ここに書かれているのは、あくまで「私がその時に感じたこと」「私が選んだ道」であり、誰かの選択や価値観を否定したり、正解を示したりする意図はありません。
これはただの愚痴です。貴方を不快にする悪いものだと思っています。
どうか、読み進める際には、これは一つの個人の記録であることをご理解いただければ幸いです。
1、私の母について
私が地元を離れて働いていたとき、母の認知症が判明した。
母と共に暮らす父は、母の病気の進行を「なんでこんなことぐらいできないんや!」と苛立ち、怒るばかりで、「その原因が何であるのか診てもらおう」ともしなかった。
そして、母の我慢強い性格と「心配をかけないでおこう」という気遣いもあり、都合の良い言い訳になってしまうが、私も母の病気に気付くのが遅れてしまった。
私が母を必要な診療科に連れて行ったが、認知症の進行は止まらず、家での介護はもう難しくなり、最期の時間を過ごす場所として、施設に預けることを選ぶしかなかった。
──そして、三年前に母が亡くなった。
認知症が進行し、生命の維持に欠かせない脳の機能が低下した為であった。
亡くなる前の母はゆっくりと脳の働きが閉じていく中で、次第に『私を私として認識できなくなった』。
優しかった母の姿は薄れ、時にはひどい言葉が投げつけられた。
その言葉は、長年知っている母の声ではないように聞こえ、まるで知らない誰かに叱られているような気持ちになった。
頭では「病気のせいだ」とわかっていても、心が追いつかず、泣きたい夜もあった。
それでも、病気に奪われる前の母の姿は、いつも私の中にいた。
──優しくて、まじめで、家族を愛し、人のことを自分より先に考え、明るく楽しい人。
私がつまずいたときには手を差し伸べ、何も言わなくても気持ちを受け止めてくれる人。
思い返すたび、胸が苦しくなるほど、母は私にとって大切な存在だった。
そして、母の認知症が進行し、……誤嚥性肺炎の危険が高まっていった。
介護して下さる方からの食事を摂ることも難しくなり、このままでは生きる上での十分な栄養を摂れないと言われた。
医師からは、胃瘻を作って栄養を与えるかどうか、家族として判断する必要があると告げられた。
※胃瘻とは、お腹に小さな穴を開けて、胃につながるチューブから栄養などを注入する方法です。嚥下(食べ物などを飲み込むこと)障害などで口から食事が摂れない方が対象となる、延命処置と呼ばれるものになります。※
家族や親類の中で、医療に関わる仕事をしていたのは私だけだった。
そのため、自然と私の意見を求められるようになった。
皆が「あなたなら正しい判断ができるだろう」と言ってくれる一方で、その重さは私の心に静かに積み重なっていった。
思い返せば、母は生前よく言っていた。
「誰の世話にもなりたくないんや」
それは家族だけでなく、施設の職員の方々や看護師さん、介護職の方々にまで迷惑をかけたくないという、母なりの誠実さから出た言葉だったのだろう。

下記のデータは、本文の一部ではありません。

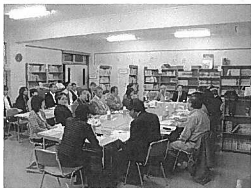
第一回部会のようす (平成23年5月18日)

そこで、わたしたち「かみいけ♡いけほんつながり隊地域文教部会」では、地域、保護者、学校、豊島区、教育委員会等の関係者が協働しながら「地域版建設構想」を作成し、区へ提言していくこととし、去る5月18日（水）に第一回部会を開催しました。
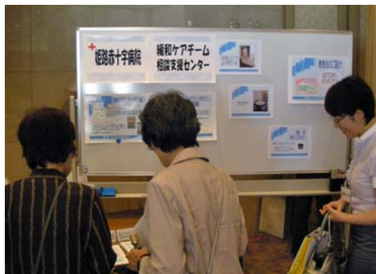
3病院による合同展示・相談会 (姫路聖マリア病院/姫路医療センター/姫路赤十字病院共催・兵庫県)
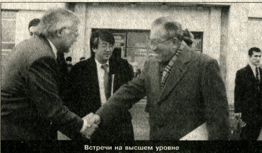
Встречи на высшем уровне
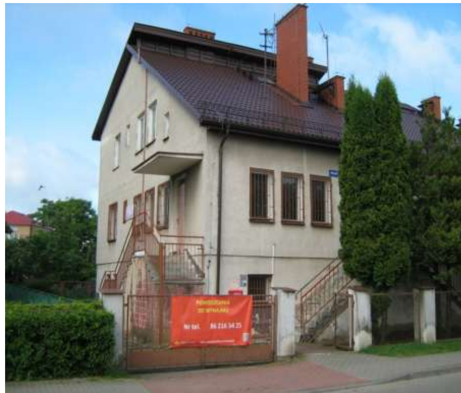
Budynek Poczty Polskiej S.A. w Zawadach
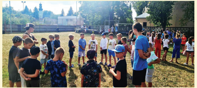
Vyslanie animátorov - 13. 10. 2024
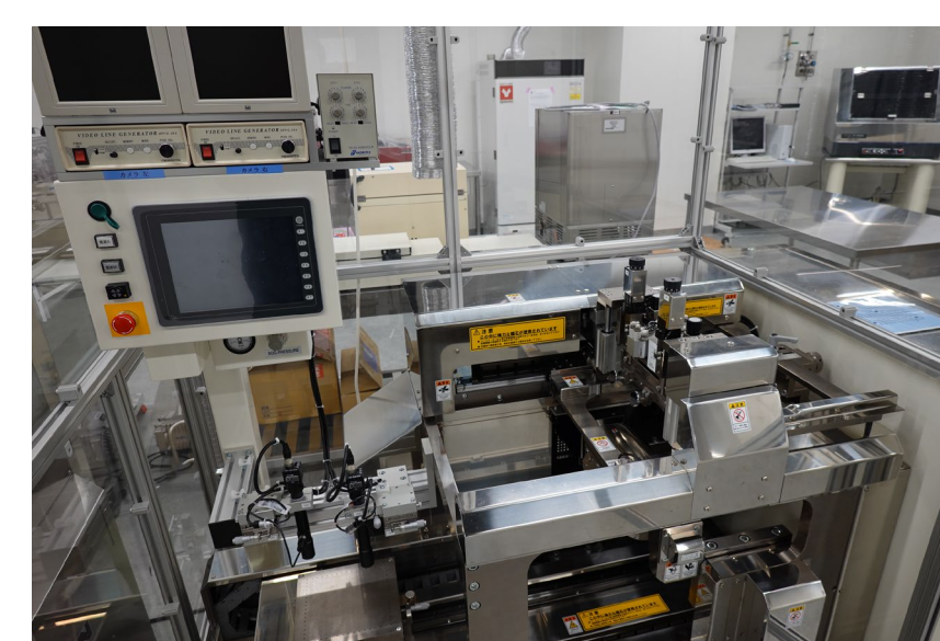
スクリーンオフセット 印刷装置
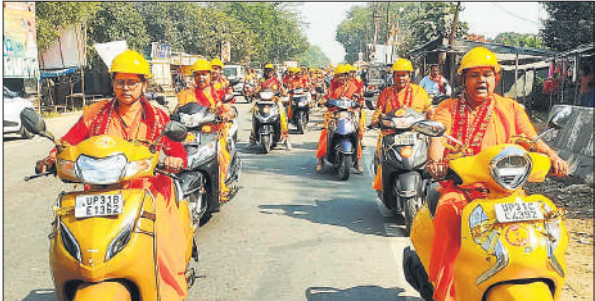
विराट नारी उत्कर्ष समारोह की नारी गौरव मंगल यात्रा में गायत्री परिवार की स्कूटी वाहिनी।
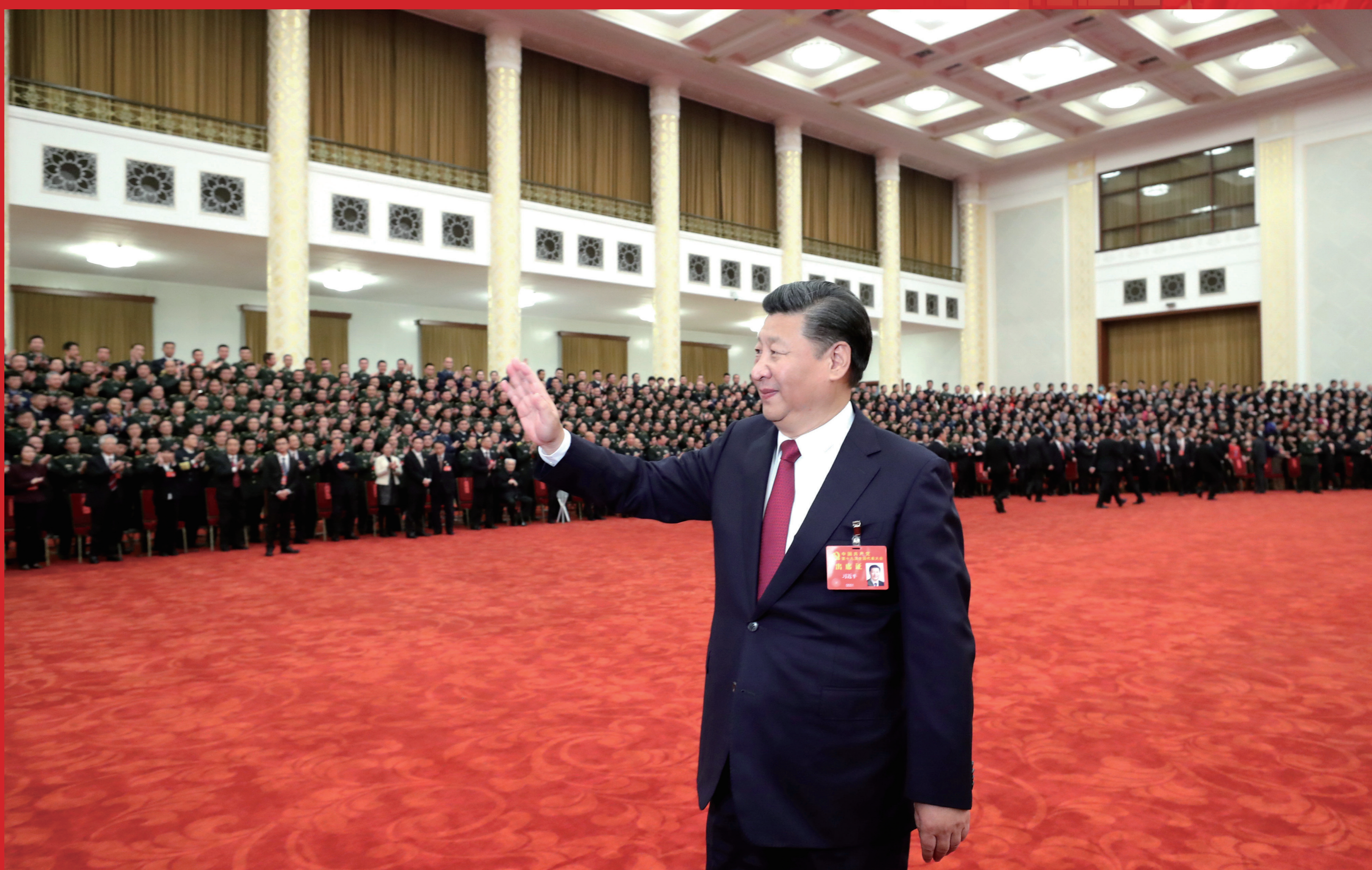
2017年10月25日，中共中央总书记、国家主席、中央军委主席习近平等领导同志在北京人民大会堂亲切会见出席党的十九大代表、特邀代表和列席人员。
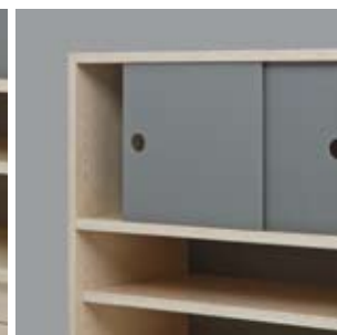
Schränkelement mit Schiebern

しかし、そのときの母は認知症の進行で、もう自分の意思を言葉にすることができなかった。
──胃ろうを望むのか、望まないのか。
──延命を意味する医療処置をどう考えるのか。
私は母の言葉と、今、目の前にある母の状態、その間で揺れ続けた。
医師から説明を受けながら、私は心のどこかで分かっていたのだ。
胃瘻は延命であって、回復ではないということを。
そして、管に頼りながら意識の薄い日々を延ばすことが、母の望んだ生の形ではないような気がしていた。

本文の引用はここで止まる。